There is nothing wrong with going out every once in awhile. Date nights are a must and some alone time needs to be a priority because if you can't take care of yourself then you'll have a hard time taking care of everyone else. This last one is the hardest for me to do. I just cannot let chores go undone or let a mess lie. I have to have order in my life or I will totally lose it. So I really need to find a way to make more time for ME. Even if it's just to go to bed a little earlier or take a bubble bath or something.

While I don't really have many of my pre-mom friends left, I have made new friends since becoming a mom, or to be more specific since becoming a baby buncher. When you're going through two under two, you really need to talk to people who can relate. Because a lot of people who have two kids that are several years apart just don't understand the chaos and the stress. Some people can sympathize but most people just don't get it. And for the first six months especially, you need "been there done that" help. So, I made friends with a couple of baby bunchers and they have been total life savers.

It's hard to realize that you never get to talk to those old friends anymore. It's a little sad. Heck, it's a lotta sad. Kinda bittersweet to think back on all the memories you shared with those friends and wonder if they ever miss you. Wonder if they understand why you're not interested in happy hours or late night drinking parties or big concerts in the middle of the week. Maybe one day they'll have kids and they'll call me up screaming "I understand!
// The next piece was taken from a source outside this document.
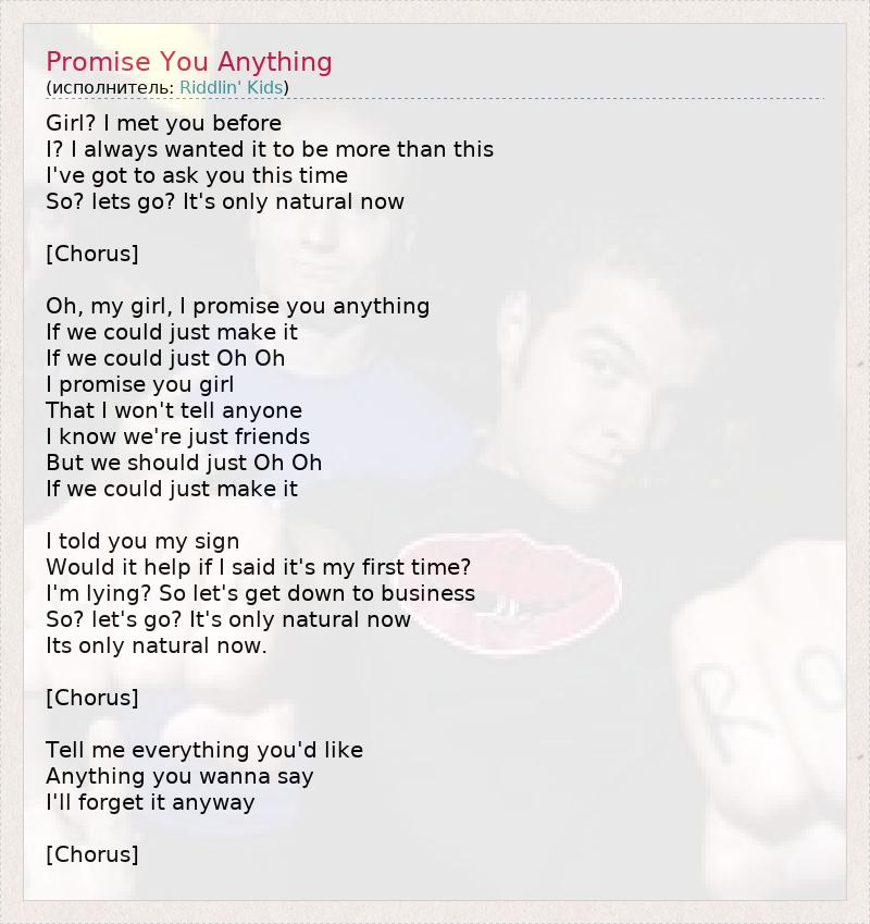А как ты думаешь, о чем песня "Promise You Anything" ?

I understand!" lol. Or maybe not.

Nowadays I look forward to Saturday morning Walmart trips with Evie. And Sunday afternoons doing yard work with the girls. I look forward to Friday night movie night, snuggled up with the babies and watching animated classics (last week was Pocahontas and this week will be Happy Feet!) while munching on Orville Reddenbacher. I relish in teaching the girls holiday traditions and trying to get them ready for preschool.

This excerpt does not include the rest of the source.